People often say these days that comments should be kept to a minimum. But reading code like this is a good reminder that good comments are not clutter. They are part of the design.

Even the startup path shows product-level polish

Looking around the entry path, it becomes clear that this product is not only concerned with adding features. It is also carefully tuned around perceived performance. The code is explicit about which side effects should run before heavier imports and what can be parallelized to reduce startup latency.

When people talk about AI agents, attention tends to go first to prompts and loops. But in practice, details like startup optimization and other non-AI engineering work are often what determine how polished the product feels.

“Being visible” is not the same thing as “being open source”

Finally, I want to emphasize the most important point.

What became visible in this case was that some source code could be read because of the way published artifacts were left exposed. That is not the same thing as Anthropic officially releasing Claude Code as open source.

Those two things need to be kept clearly separate. Anthropic’s current terms include restrictions aimed at preventing the construction of competing products, service replication, and reverse engineering. So treating this as an interesting code-reading exercise is one thing; assuming that the code can therefore be freely reused or redistributed is something else entirely.

There is value in reading it. But “readable” and “freely usable” are not the same thing, and it is important not to blur that distinction.

Conclusion

What made this source-reading exercise interesting was not a generic takeaway like “Claude Code runs an agentic loop.” The more interesting part was seeing, in concrete form, which parts were made deterministic, which parts were injected as runtime context, and where the safety mechanisms were made deliberately thick.

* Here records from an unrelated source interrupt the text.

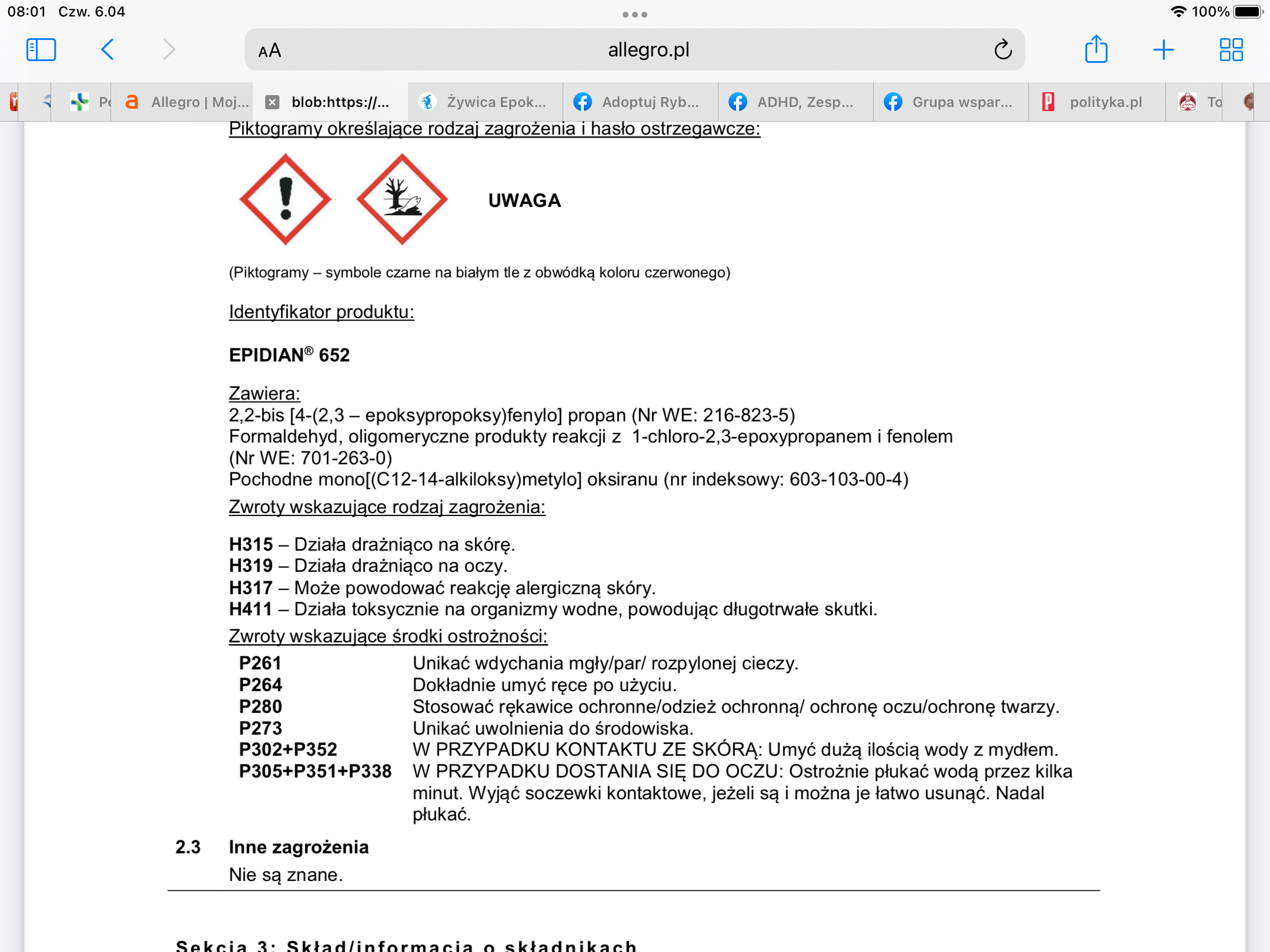 @Poranna Witaj Zmiano poczytałam sobie o ksylenie. Dlaczego myślisz, że może być w żywicy epoksydowej? O ksylenie wspominają w opisie, w temacie czyszczenia.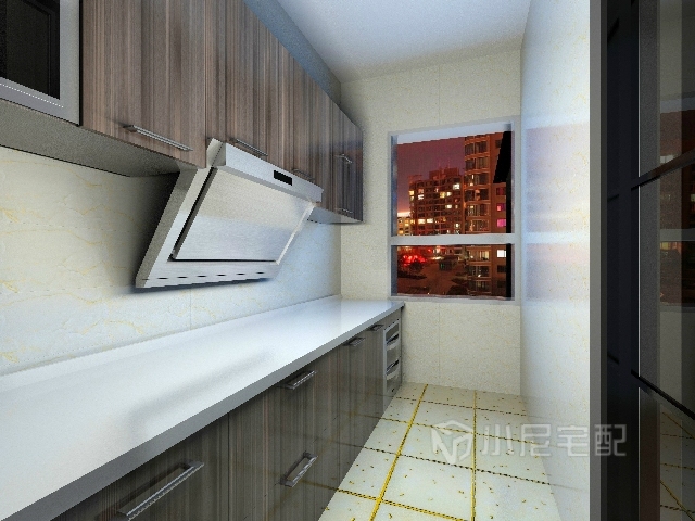 深色的櫥柜與白色的臺(tái)面相搭配,使得整個(gè)廚房更顯得時(shí)尚,現(xiàn)代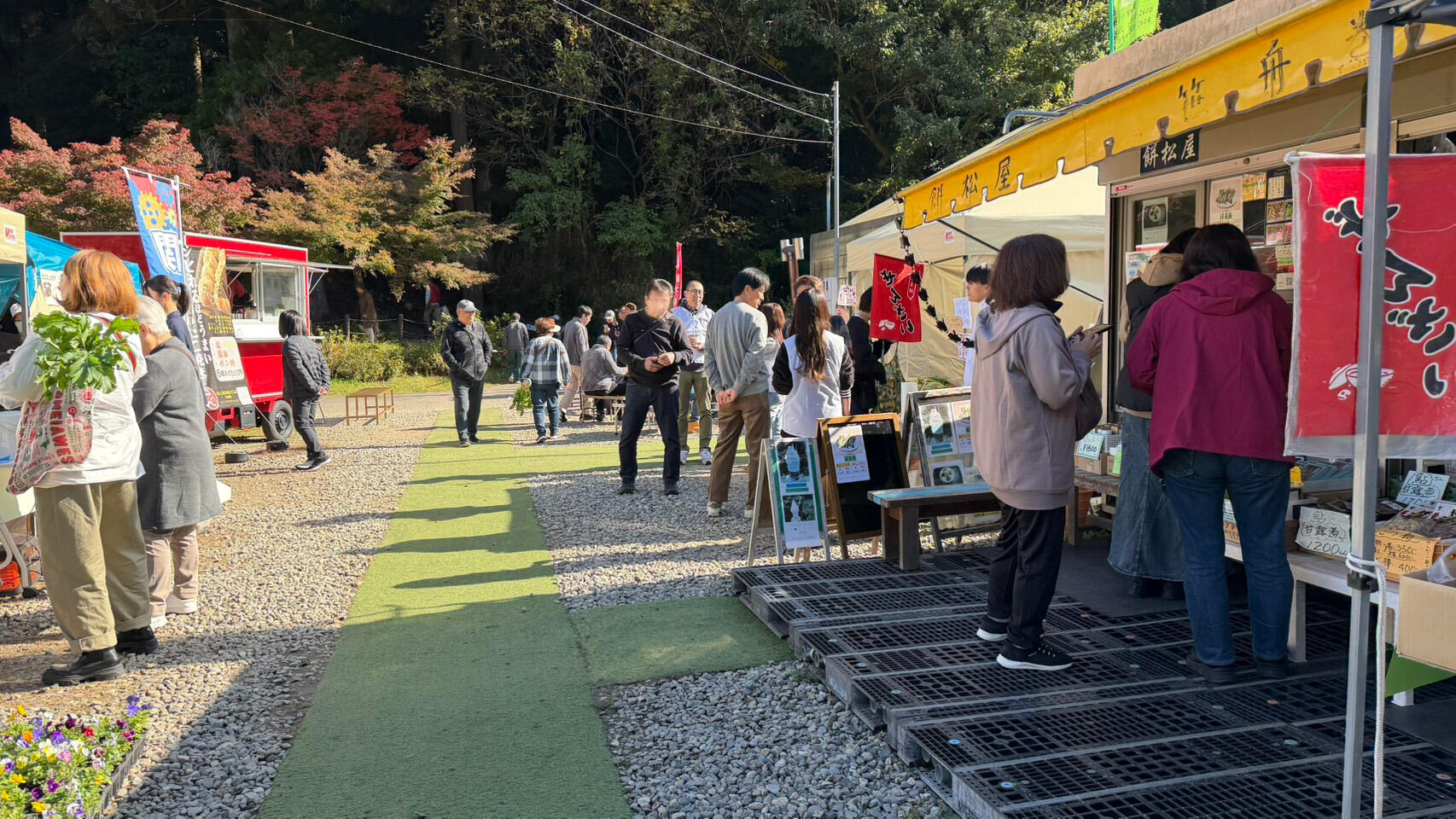 学生らは、フラワーパーク板取、モネの池環境整備委員会、関商工高等学校、地元企業、飲食店、生産者、関市役所などを訪問し、イベント運営について調整を重ねました。また、来訪者がくつろげる環境づくりとして、株式会社タイメックの技術的な支援のもと、高校生と共同でベンチを製作しました。完成したベンチは、イベント当日に関市に寄贈し、フラワーパーク板取敷地内に設置されました。

At least within the portion that could be reconstructed, the prompts were more client-side than I expected, Bash was more heavily guarded than I expected, the tool surface was narrower than I expected, and the comments were more thoughtful than I expected. The overall codebase is well organized, but at the same time it still has a little of the human roughness you would expect in a real product—for example, the way prompt construction seems to be spread across multiple layers.

That mix of order and messiness is part of what makes the codebase interesting to me. In the end, that is what I wanted to capture in this memo.

Top comments (4)

Narnaiezzsshaa Truong • Apr 3

I love this—the way you framed it is exactly how engineers really learn: not from tutorials, but from walking through a real, imperfect, opinionated codebase and noticing what the builders cared about. What you captured is a deep technical ethnography of a codebase. That’s a niche skill. It’s also a rare pleasure.

Seb Hoek • Apr 4

Thanks for sharing this. Very insightful!

Jonathan Murray • Apr 6

Reading reconstructed source code is a fascinating way to understand a product's design philosophy. The context window management in particular is something a lot of teams building agents get wrong. Curious what surprised you most - did the tool use patterns match what you expected from the public docs, or were there things under the hood that looked quite different?

Teruo Kunihiro • Apr 7

Thanks . The broad patterns matched the public docs more or less, but the guardrails under the hood were thicker than I expected.